I'm a very sad person, and so there's nothing that I'm ever gonna write that's not going to look at [topics like depression and microaggressions]. It's interesting because the book is called Carefree Black Girls: A Celebration of Black Women in Popular Culture and has these fun colors. When we were working on the packaging of the book, I was so nervous, because I was like, "Someone is going to see all these elements, and they're going to be really surprised." But that's kind of the point. I like the idea of subverting and challenging expectations of what it means to be carefree, depressed, or anxious. I knew in the process of writing this book that I can't write about concepts of freedom or joy and not acknowledge my pain, and the pain of many other Black women.

For a long time, I thought that happiness was this destination that you get to, and once you're there, you're there and you don't have to worry about anything. And that's actually a very boring conception of what happiness is. I think happiness is not sustainable. Like, you're not just happy all the time. We all go through ebbs and flows, and that makes for a much richer human experience. So I wanted to include the not-so-joyful aspects of navigating this life, because I wanted to show that you can have the capacity for a lot of pain and a lot of joy.

It was scary, but I think that, ultimately, I'm really happy that I included that part of my experience. It would be so easy to brush these things under the rug, but it's the brushing under the rug that creates all these sad, lonely people who don't know how to talk about what they're going through. Because it's not normalized to talk about these things, you know?

You dedicated entire chapters to the likes of Cardi B and Lizzo, and examining their impact on pop culture. Why did you do that?

Because there's a lot to say! With the Cardi B chapter, there was so much I wanted to say about her, so that chapter is all over the place, but in a way that I really love. The book is also kind of a time capsule. If you read this book in 20 years, Cardi B is going to be a very different entity than she was in 2020, 2021. When the book came out, I wanted to have a moment that captured this particular moment in her trajectory. I just felt like not a lot of people have written in depth about what she is, who she is, and what she means, because I feel like people don't take Black women seriously enough to even have this sort of analysis.

I think Lizzo is a perfect encapsulation of a moment of body positivity, but also this weird moment in the online space where people can just so easily harass one another. So I wanted to use her as this overarching figure that could help me break out all these other ideas about how I feel about it, and how any other Black woman who's observing this might be feeling. That's why I love writing about pop culture, because you can take Lizzo, and you can use her to talk about body politics in a really interesting way.

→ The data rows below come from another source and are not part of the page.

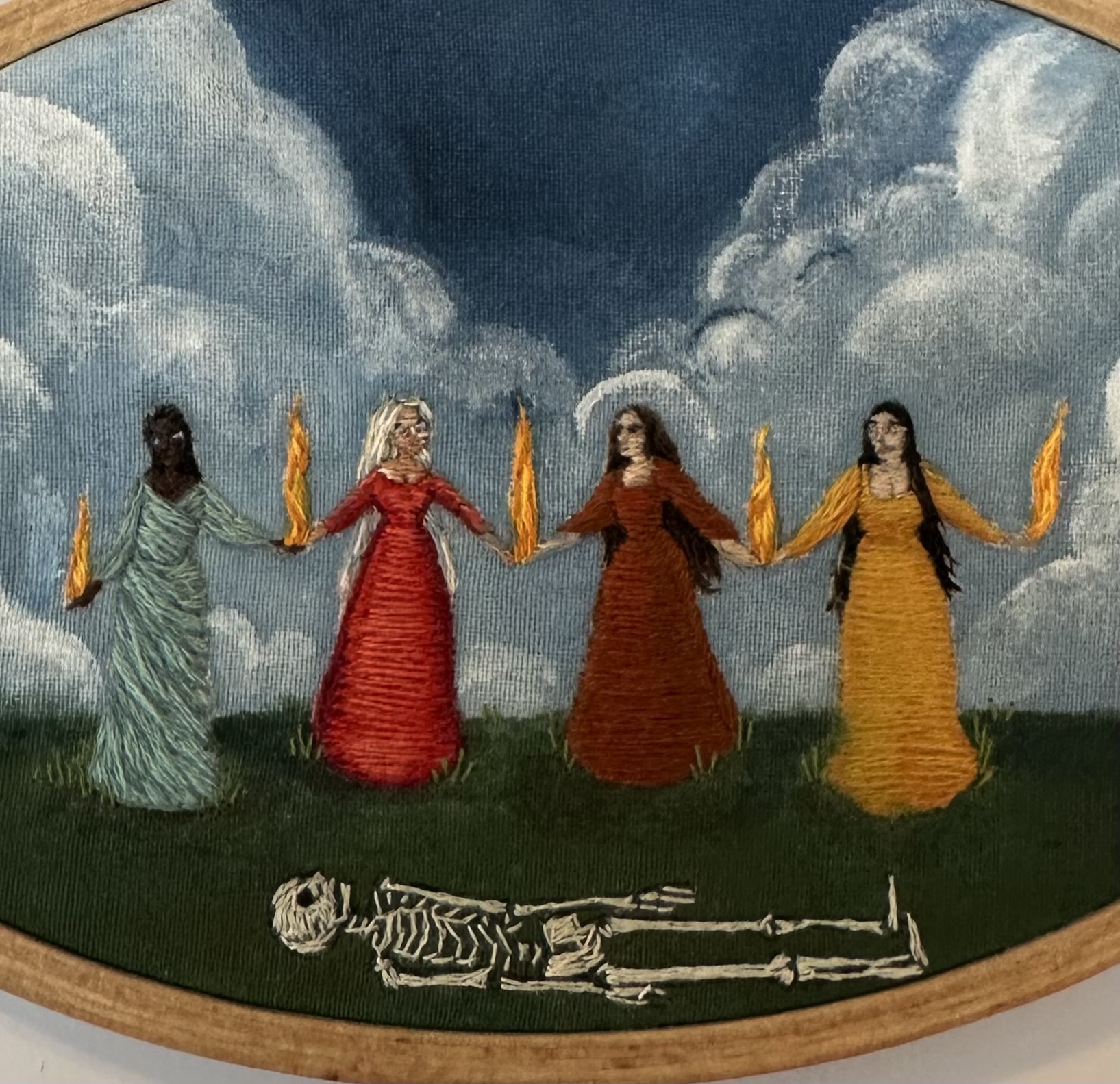 Hand embroidery on painted muslin, mounted in a 3"x5" wooden hoop and ready to hang.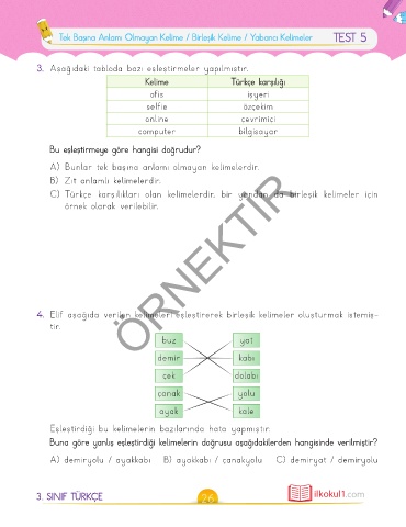 Tek Başına Anlamı Olmayan Kelime / Birleşik Kelime / Yabancı Kelimeler TEST 5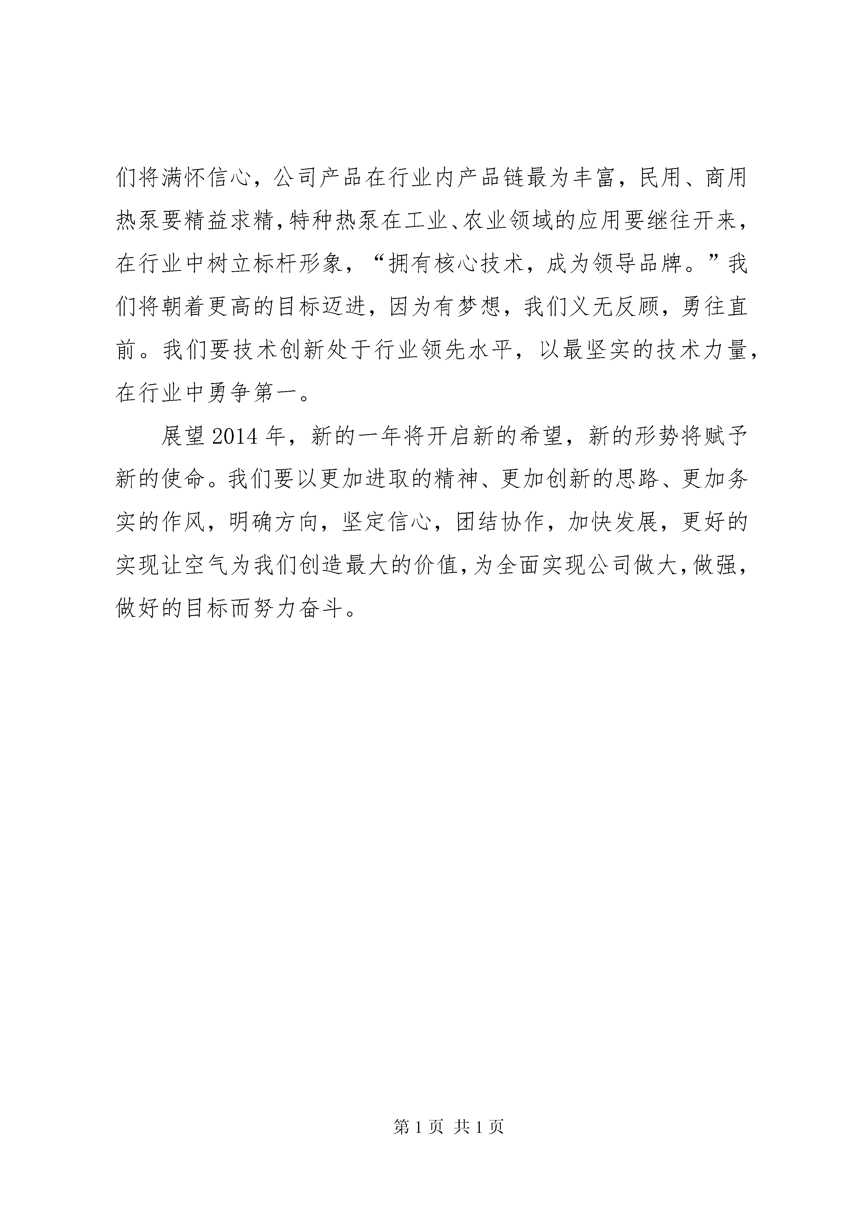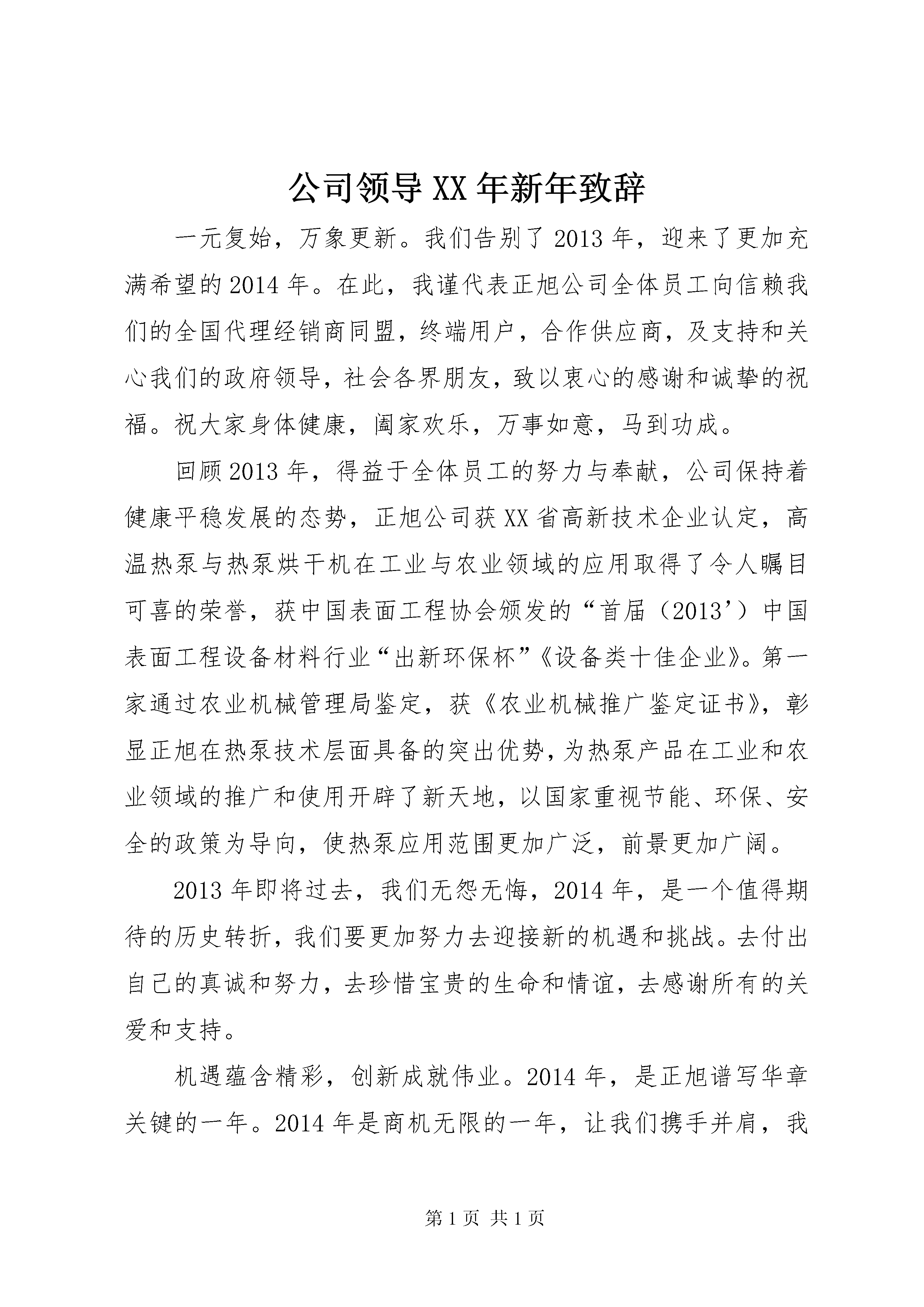 公司领导XX年新年致辞一元复始,万象更新。我们告别了2013年,迎来了更加充满希望的2014年。在此,我谨代表正旭公司全体员工向信赖我们的全国代理经销商同盟,终端用户,合作供应商,及支持和关心我们的政府领导,社会各界朋友,致以衷心的感谢和诚挚的祝福。祝大家身体健康,阖家欢乐,万事如意,马到功成。回顾2013年,得益于全体员工的努力与奉献,公司保持着健康平稳发展的态势,正旭公司获XX省高新技术企业认定,高温热泵与热泵烘干机在工业与农业领域的应用取得了令人瞩目可喜的荣誉,获中国表面工程协会颁发的“首届(2013’)中国表面工程设备材料行业“出新环保杯”《设备类十佳企业》。第一家通过农业机械管理局鉴定,获《农业机械推广鉴定证书》,彰显正旭在热泵技术层面具备的突出优势,为热泵产品在工业和农业领域的推广和使用开辟了新天地,以国家重视节能、环保、安全的政策为导向,使热泵应用范围更加广泛,前景更加广阔。2013年即将过去,我们无怨无悔,2014年,是一个值得期待的历史转折,我们要更加努力去迎接新的机遇和挑战。去付出自己的真诚和努力,去珍惜宝贵的生命和情谊,去感谢所有的关爱和支持。机遇蕴含精彩,创新成就伟业。2014年,是正旭谱写华章关键的一年。2014年是商机无限的一年,让我们携手并肩,我们将满怀信心,公司产品在行业内产品链最为丰富,民用、商用热泵要精益求精,特种热泵在工业、农业领域的应用要继往开来,在行业中树立标杆形象,“拥有核心技术,成为领导品牌。”我们将朝着更高的目标迈进,因为有梦想,我们义无反顾,勇往直前。我们要技术创新处于行业领先水平,以最坚实的技术力量,在行业中勇争第一。展望2014年,新的一年将开启新的希望,新的形势将赋予新的使命。我们要以更加进取的精神、更加创新的思路、更加务实的作风,明确方向,坚定信心,团结协作,加快发展,更好的实现让空气为我们创造最大的价值,为全面实现公司做大,做强,做好的目标而努力奋斗。

If there was a chapter that you could recommend to your younger self, what would it be, and why?

Definitely the "Bodies" chapter, because we need to be thinking more and talking more about not just body image but self-image. I think that that would be a good chapter for a younger version of me to read. Maybe the last chapter, "Free of Cares," because I'm proud of it. So I would just want young Z to be like, "Bitch, look what you did!"

This interview has been edited and condensed for clarity.